9 10 11 The discrepancy between our findings and others may be attributable to various prevalence of systemic diseases in different studies. The magnitude of association between retinal vessel caliber and glaucoma may be affected by these systematic conditions, leading to a stronger association of retinal venular caliber with RNFL thickness in our study but not in the others.
26 34 35 36
In persons with glaucoma, retinal venular narrowing was associated with RNFL thickness only in the temporal and temporal-to-inferior regions, and marginally associated with RNFL thickness in the nasal-to-inferior region. The implication of this location specific relationship remains unclear, but it coincides with the clinical observation that the neuroretinal rim is preferentially lost in the inferior, especially its temporal part, of the optic disc region.
37
Our age-sex–stratified analyses showed that retinal vessel narrowing was associated with reduced RNFL thickness in persons older than 60 years, but not in those younger. These results somewhat contrast with our findings in school-aged children.
18 It is possible that the associations in the adults and those in the children represent two different processes, with the former reflecting a pathophysiological link, whereas the latter reflect a physiological relationship. We were unable to offer biological explanations for this potential age effect, although both retinal venular caliber and RNFL thickness have been shown to decrease with increasing age.
38 39 Nevertheless, less consistent associations in subgroup analysis could be related to reduced power as the number of participants in each subgroup was reduced.
Strengths of our study include its large-sample, population-based design with standardized definition for glaucoma, use of a validated computer-based technique to quantify retinal vascular calibers, and the use of the HRT instrument to provide objective RNFL thickness measurements.

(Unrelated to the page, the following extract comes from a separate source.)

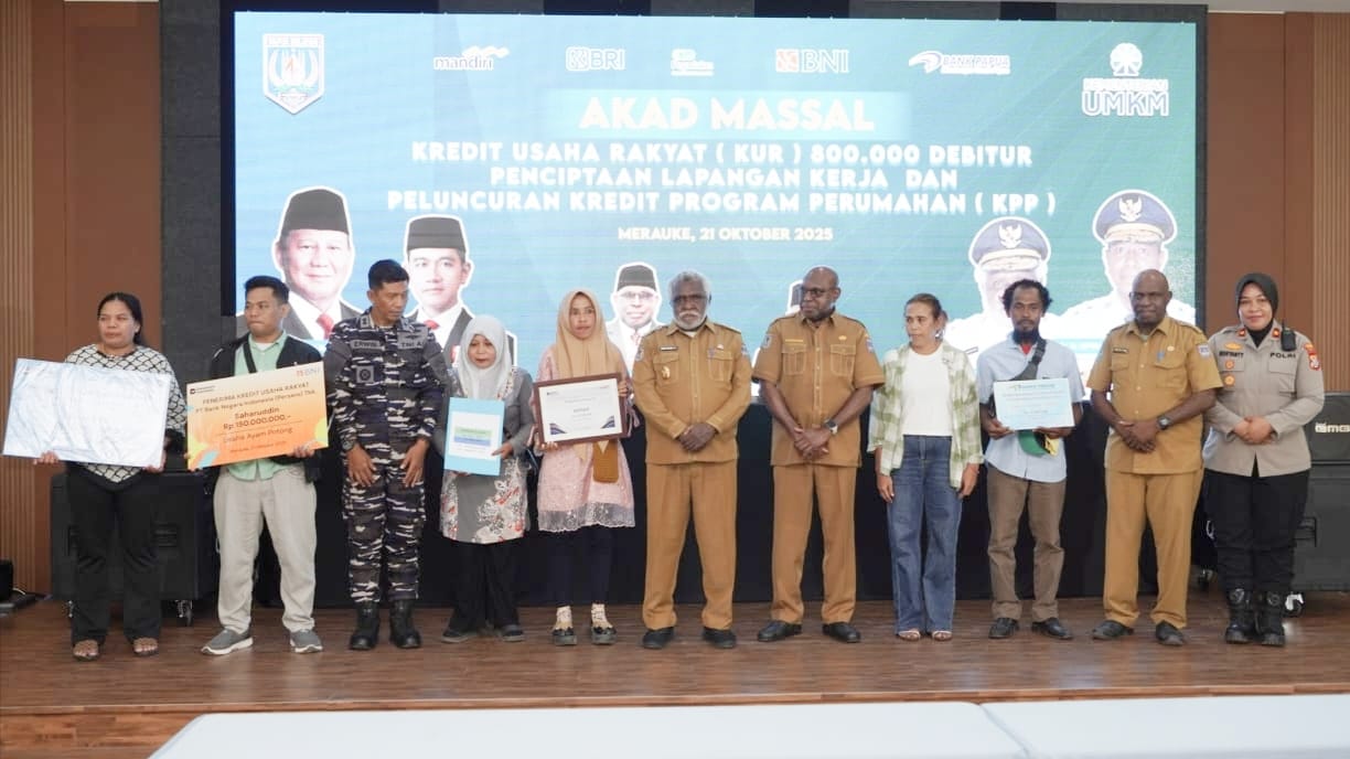 Metro Merauke – Pemerintah Provinsi Papua Selatan menggelar akad massal Kredit Usaha Rakyat (KUR) 800.000 debitur penciptaan lapangan kerja dan peluncuran Kredit Program Perumahan (KPP)

However, several important issues require consideration. First, the lack of association between retinal vessel calibers and RNFL thickness in persons with glaucoma may be due to the reduced sample size, and thus limited power, in this subgroup. Second, it is important to note that the HRT II does not provide a direct measurement of RNFL thickness.
40 The RNFL thickness measurement is calculated using the mean height contour measurements relative to an individual-based reference plane. Inevitably, there are some variations in the RNFL thickness measurement, given that the contour line is operator dependent. HRT measurements are also influenced by fluctuations in IOP. However, RNFL thickness measurements derived from the HRT II have been shown to be reproducible and highly associated with nerve fiber count in animal eyes.
41 42 We felt that the associations described by our study were unlikely to be confounded by these technical limitations. Last, contour lines were depicted without the aid of stereo photographs, which could have affected the accuracy of the disc margin delineation.
In summary, using quantitative methods to measure retinal vessel caliber and RNFL thickness, we found significant associations between narrower retinal vessel caliber and RNFL thinning in this population-based study of Asian Malay persons aged 40 to 80 years.